Is vision a settler’s dream?
It was presented to me a while back how the term ‘vision’ has a connotation of one knowing ‘better’ than the others and bordering on believing in a ‘manifest destiny’. This idea holds that when someone carries a ‘vision’ they believe all that is before them is for the taking, and no one was there before. Therefore, God wants us to have it. Vision then becomes about conquest and reward.
Is vision a fool’s errand?
For most, ‘vision’ has been presented as a strategy formed in a vacuum, that will somehow work out no matter what happens, or what anyone says. Who knows the future? How does this strategy fit with the story of every person it involves? It becomes an extra to the story of the community, not the story of the community encountering life together.

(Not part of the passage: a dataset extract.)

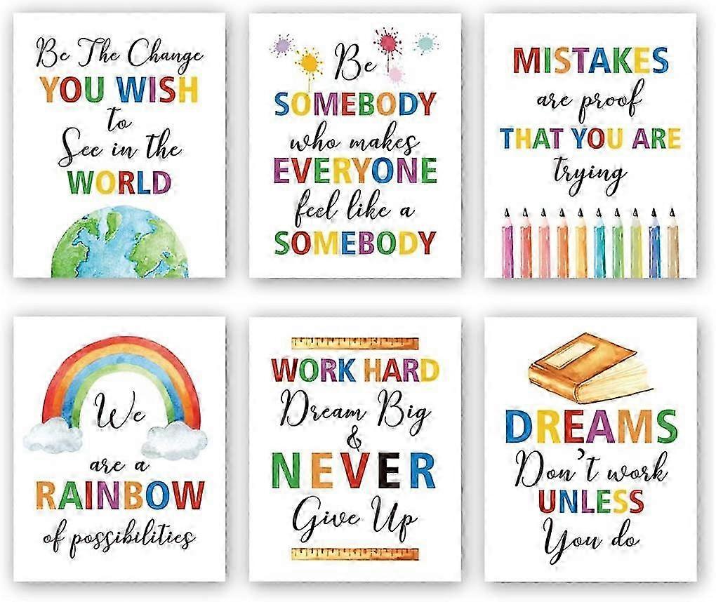 Colorful Words Art Prints, Set of 6 (8X10), Inspirational Quotes Motivational Saying Canvas Poster, Rainbow World Crayon Ink Splatters Wal

What do I think of the term ‘vision’?
Vision is seeing through the shadows that block the light on our path.
Not to badly paraphrase or contradict my past posts, but vision has to fit in the community, personally relevant in context, and consider a future that the Spirit may be instilling within the story of you and me. Vision is not about conquest, it is about hopeful existence. We look ahead based on where we have already gone, learning and leaning on experiences, with a realistic understanding of where we are today. Vision may not even be goal oriented because it is about deepening rather than sitting in the shallows of our journey.
So what about you? How do you view the term ‘vision’ in your setting? For yourself?